(Records from a data collection)
------------------------

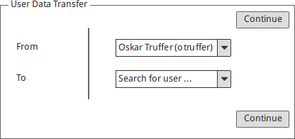 In the user administration (Administration -> User Administration) a new toolbar button is introduced: "Transfer User Data". By clicking this button we get to a selection, where the user can select from and to what user data should be transfered. This interface will be similar to the user administration table in order for the user to be familiar with the search (see screenshots).
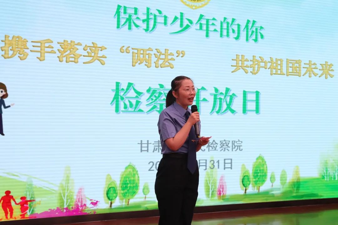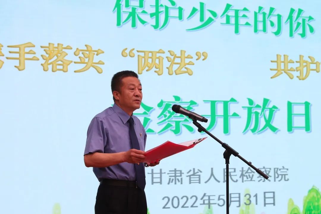 举办了“携手落实‘两法’ 共护祖国未来”为主题的检察开放日活动。全国、省人大代表和全国政协委员、省检察院人民监督员和省教育厅、省民政厅、团省委、省妇联、省关工委等单位相关部门负责人及兰州华侨实验学校学生、家长、教师代表近50人应邀参加了活动。省委政法委、省检察院新媒体平台及省广电总台视听甘肃客户端对活动进行了直播。
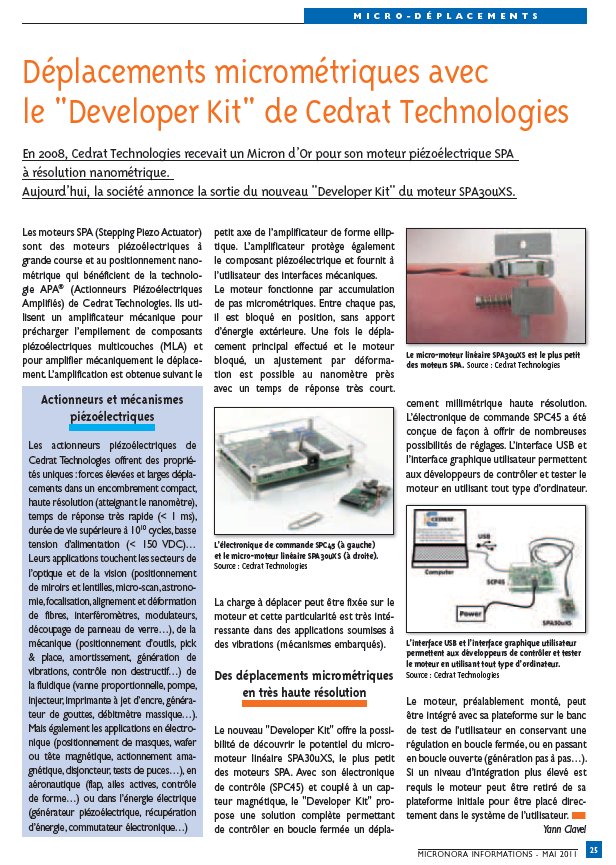 La Revue Micronora Informations nous fait l’honneur de publier un article sur le Nouveau « developer kit » du moteur piezo SPA30uXS.
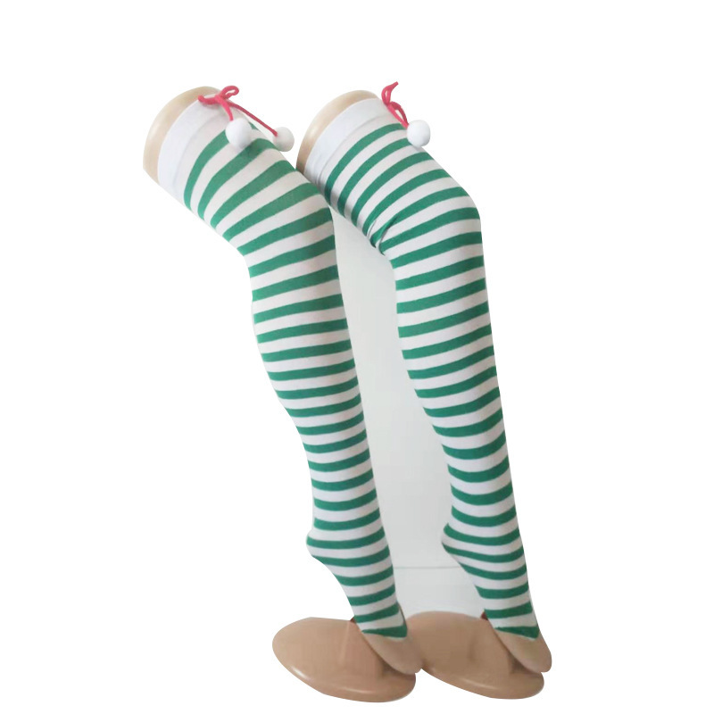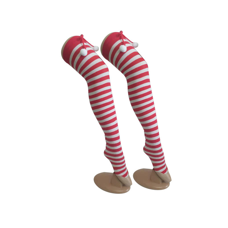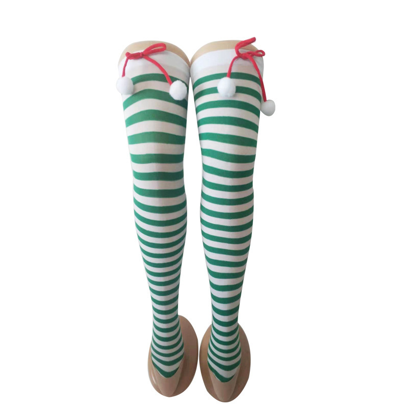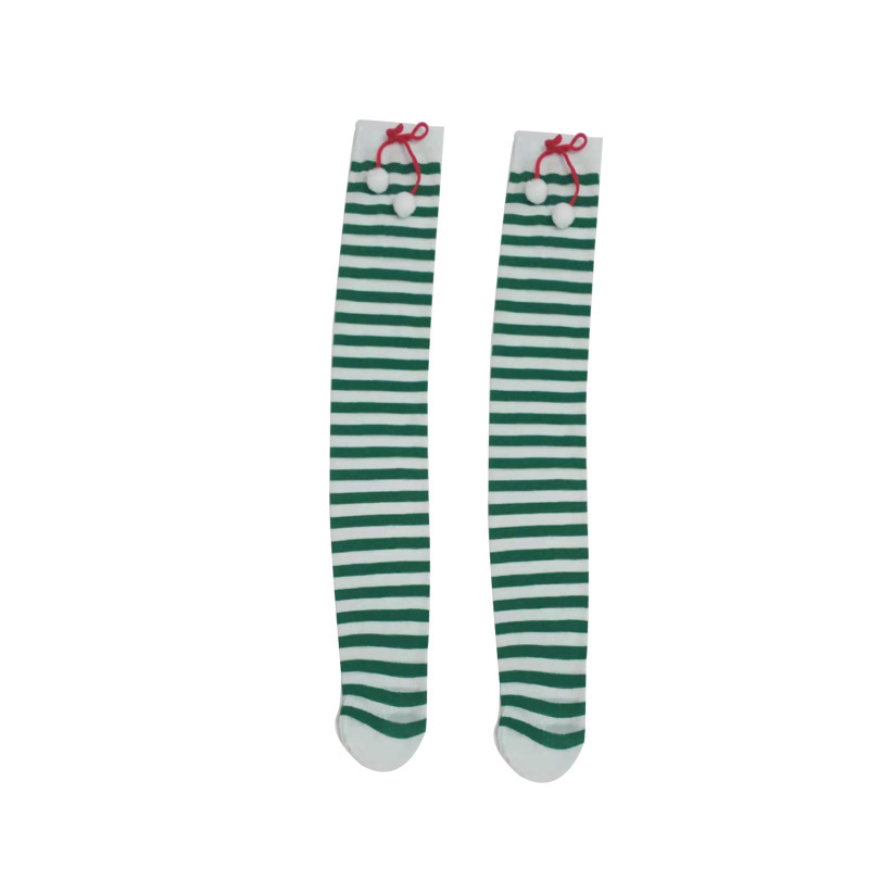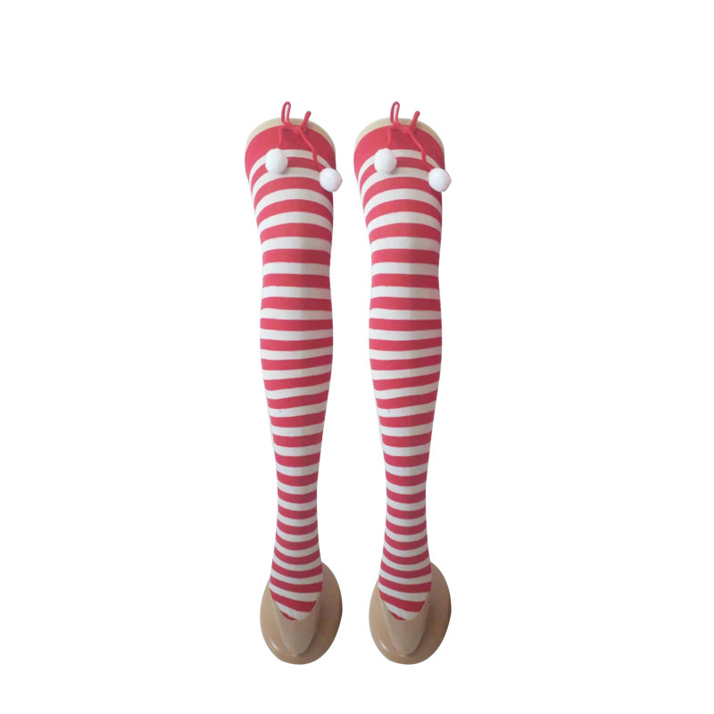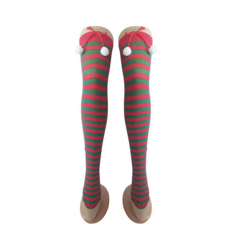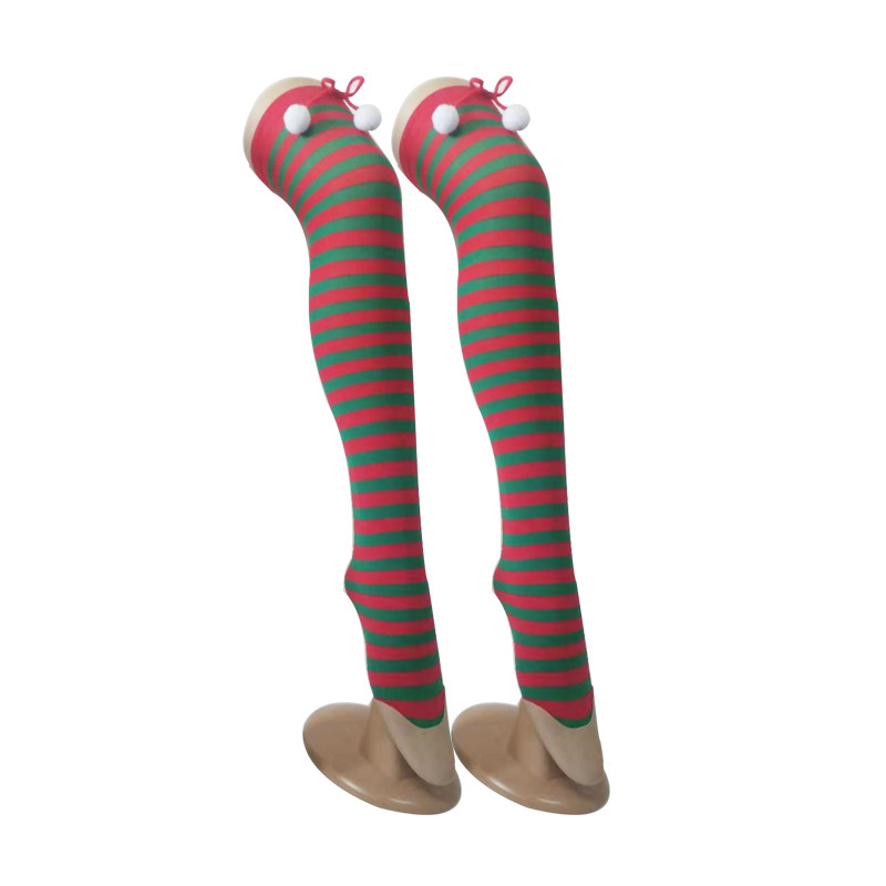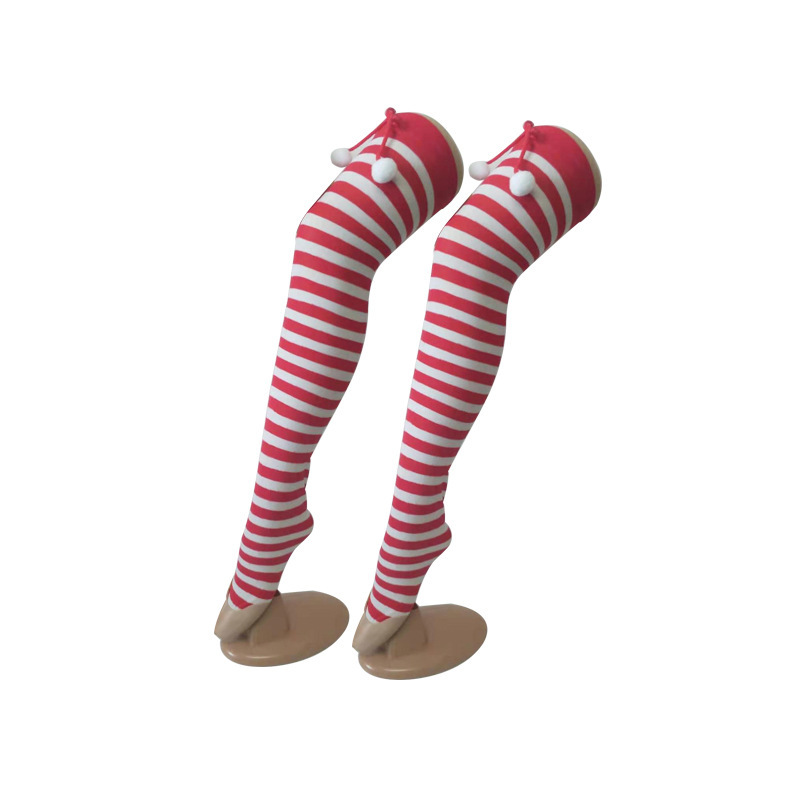 圣诞节袜子派对长筒条纹袜 小球装饰条纹长筒圣诞袜红白条纹袜子
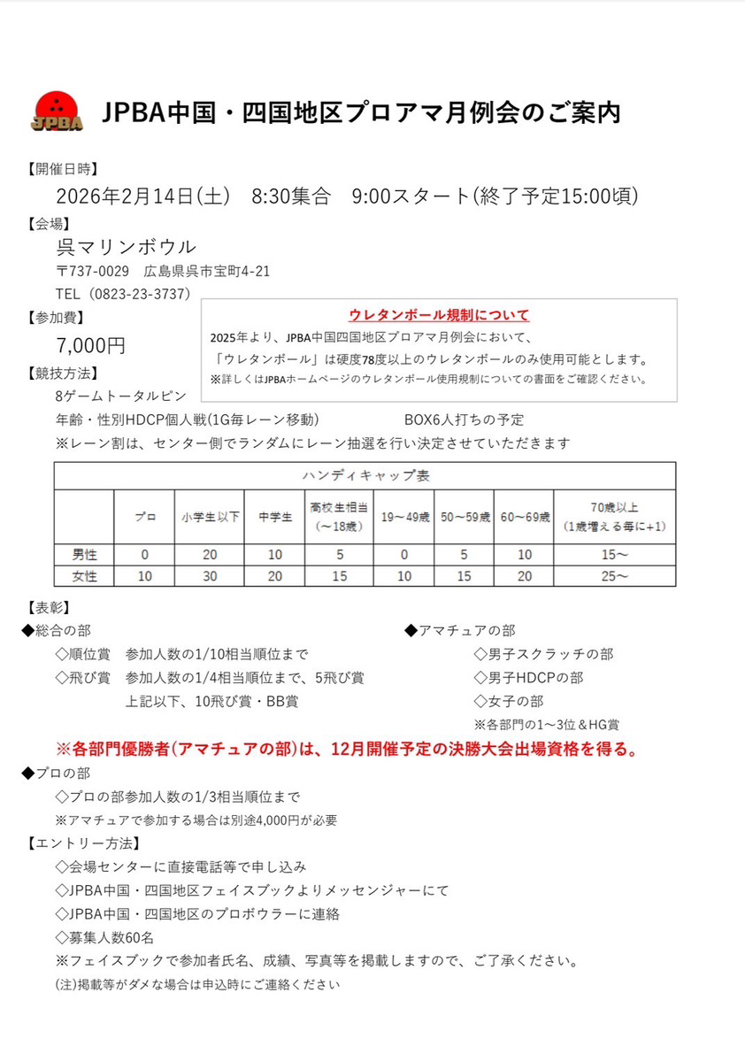 2026.1月度マリンボウルスケジュール
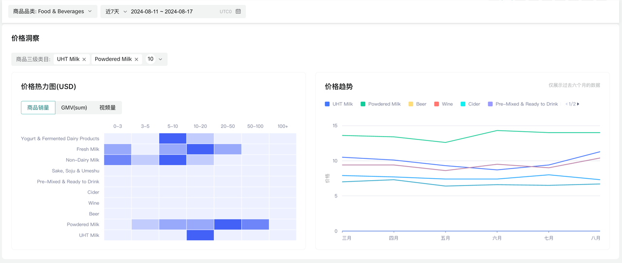 • 定价策略:追踪三级类目在不同价格段(by 销量/GMV/短视频数量)的分布以及时间趋势变化。
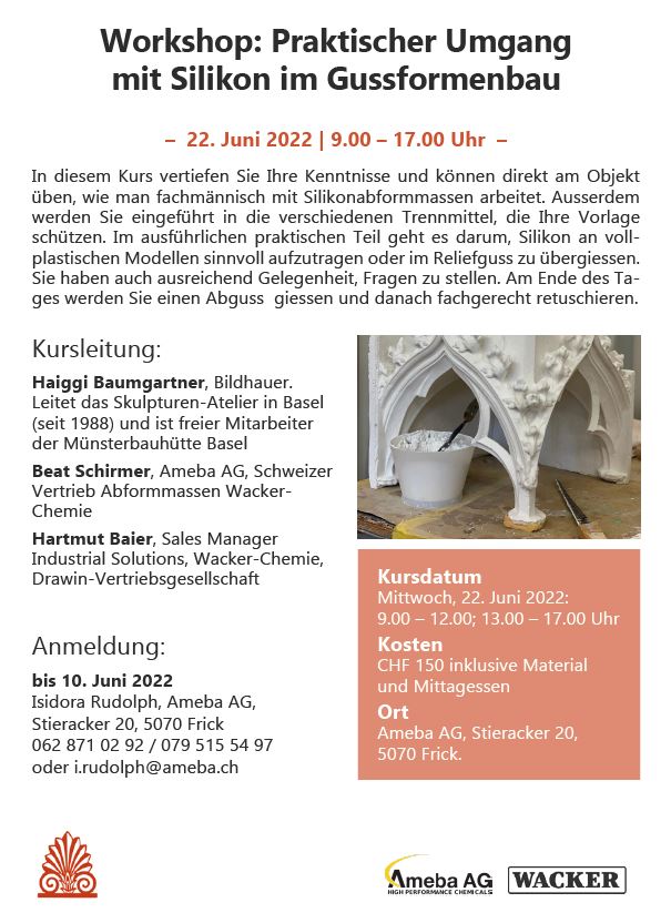 In regelmässigen Abständen veranstalten wir in unseren Räumen Workshops mit ausgewiesenen Profis zu hochspezialisierten Themen, u.a. für Steinmetze und Bildhauer zu Formenbau. In Zukunft folgen auch Workshops zu Elektrovergussmassen und Klebeanwendungen mit Strukturklebstoffen.
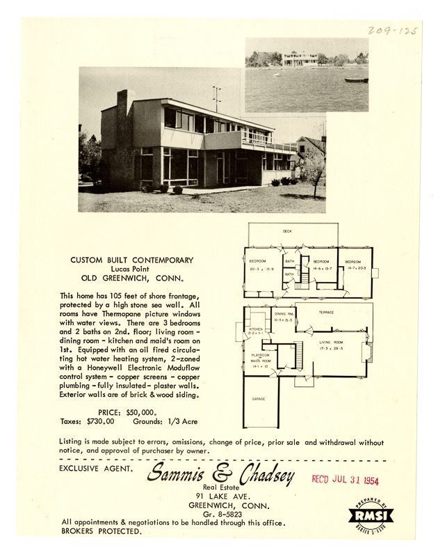 Ad with images of the house and its floor plans. Ad also includes information on the house's architecture, rooms, and price.Collection
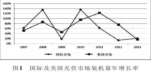 2012年國際光伏市場延續(xù)了上一年的跌勢。2013年,在歐洲傳統(tǒng)光伏市場補(bǔ)貼不斷削減、全球經(jīng)濟(jì)環(huán)境仍然脆弱,以及貿(mào)易爭端依舊在影響著整個(gè)產(chǎn)業(yè)的大背景下,光伏市場發(fā)展重心逐漸向新興光伏國家傾斜,中美日光伏市場加快崛起。2013年國際光伏市場走出了三年來的低谷,2014年全球光伏裝機(jī)量將達(dá)到43GW。2013年美國市場與國際市場增長率基本持平(見圖1)。

------------------------

— Exercise details —
Your copy should match the entries exactly, minus the pictures.

— Response to this task —
 In the user administration (Administration -> User Administration) a new toolbar button is introduced: "Transfer User Data". By clicking this button we get to a selection, where the user can select from and to what user data should be transfered. This interface will be similar to the user administration table in order for the user to be familiar with the search (see screenshots).
 举办了“携手落实‘两法’ 共护祖国未来”为主题的检察开放日活动。全国、省人大代表和全国政协委员、省检察院人民监督员和省教育厅、省民政厅、团省委、省妇联、省关工委等单位相关部门负责人及兰州华侨实验学校学生、家长、教师代表近50人应邀参加了活动。省委政法委、省检察院新媒体平台及省广电总台视听甘肃客户端对活动进行了直播。
 La Revue Micronora Informations nous fait l’honneur de publier un article sur le Nouveau « developer kit » du moteur piezo SPA30uXS.
 圣诞节袜子派对长筒条纹袜 小球装饰条纹长筒圣诞袜红白条纹袜子
 2026.1月度マリンボウルスケジュール
 • 定价策略:追踪三级类目在不同价格段(by 销量/GMV/短视频数量)的分布以及时间趋势变化。
 In regelmässigen Abständen veranstalten wir in unseren Räumen Workshops mit ausgewiesenen Profis zu hochspezialisierten Themen, u.a. für Steinmetze und Bildhauer zu Formenbau. In Zukunft folgen auch Workshops zu Elektrovergussmassen und Klebeanwendungen mit Strukturklebstoffen.
 Ad with images of the house and its floor plans. Ad also includes information on the house's architecture, rooms, and price.Collection
 2012年國際光伏市場延續(xù)了上一年的跌勢。2013年,在歐洲傳統(tǒng)光伏市場補(bǔ)貼不斷削減、全球經(jīng)濟(jì)環(huán)境仍然脆弱,以及貿(mào)易爭端依舊在影響著整個(gè)產(chǎn)業(yè)的大背景下,光伏市場發(fā)展重心逐漸向新興光伏國家傾斜,中美日光伏市場加快崛起。2013年國際光伏市場走出了三年來的低谷,2014年全球光伏裝機(jī)量將達(dá)到43GW。2013年美國市場與國際市場增長率基本持平(見圖1)。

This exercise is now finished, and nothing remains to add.